I'd like some professional help with this, please keep speculations out of this discussion.

Given our current data, expansion is likely to indefinitely continue resulting in a universe where no work is possible. Now let us assume that the universe we live in is a one-shot universe i.e. it came from something, but now it's headed for its ultimate decay for eternity. In this universe, the only true possible end would be not heat death (because quantum foam still holds a non-zero probability for creating big-bangs), but a decay of the vacuum state to a yet lower energy state. During this fall, all microscopic quantum fluctuations would be macroscopically relevant and create potentially new universes with different fundamental constants.

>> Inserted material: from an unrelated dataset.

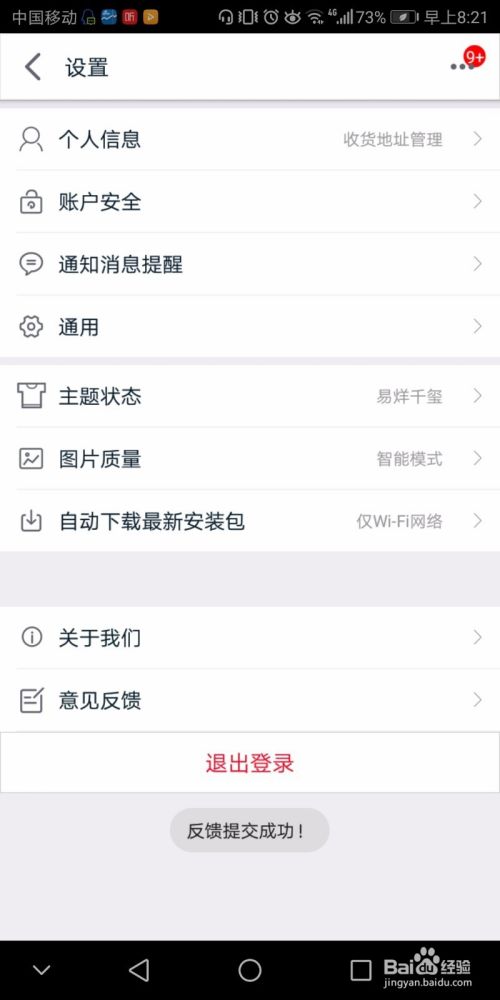 设置功能里可以进行安全设置、支付设置和主题设置等常用操作,点击进入最下方的意见反馈。
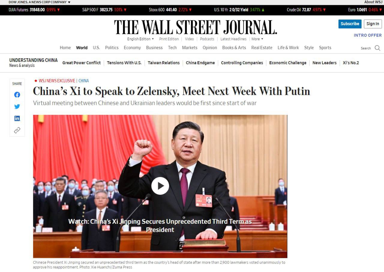 13.20 Си Цзиньпин планирует провести онлайн-встречу с Зеленским, пишет The Wall Street Journal.

The question is how long can this process go on for? Let's say after some N number of drops, the vacuum state does decay into a true vaccum. What then? Quantum laws vanish too? Is that a logical conclusion to make? Why should we say that quantum foam wouldn't exist in a truly zero energy state? Mathematically there is no reason why HUP should cease to exist, therefore there is no true vacuum and there is always a lower energy state to drop into. We either have to invalidate the concept of infinity or give up a very fundamental mathematical truth. What are the hopes for one-shot universe? I can't find a good one.

>> No.11338831

>>11338618
you should read the paper by coleman and de luccia. the conclusion in the modern perspective is that assuming inflation is true (observationally it has lots of confirmation) then our current vacuum decayed from an earlier vacuum where the vacuum energy was such that we had a de Sitter metric where the universe rapidly expanded. the current vacuum nucleated like a bubble out of that and the vacuum energy is very small so things are roughly flat. then coleman and de luccia showed that another step down from a flat scenario would be a finite anti-de Sitter universe which inevitably collapses to a gravitational singularity. so no matter how small you go below a flat metric, then there is inevitable gravitational collapse.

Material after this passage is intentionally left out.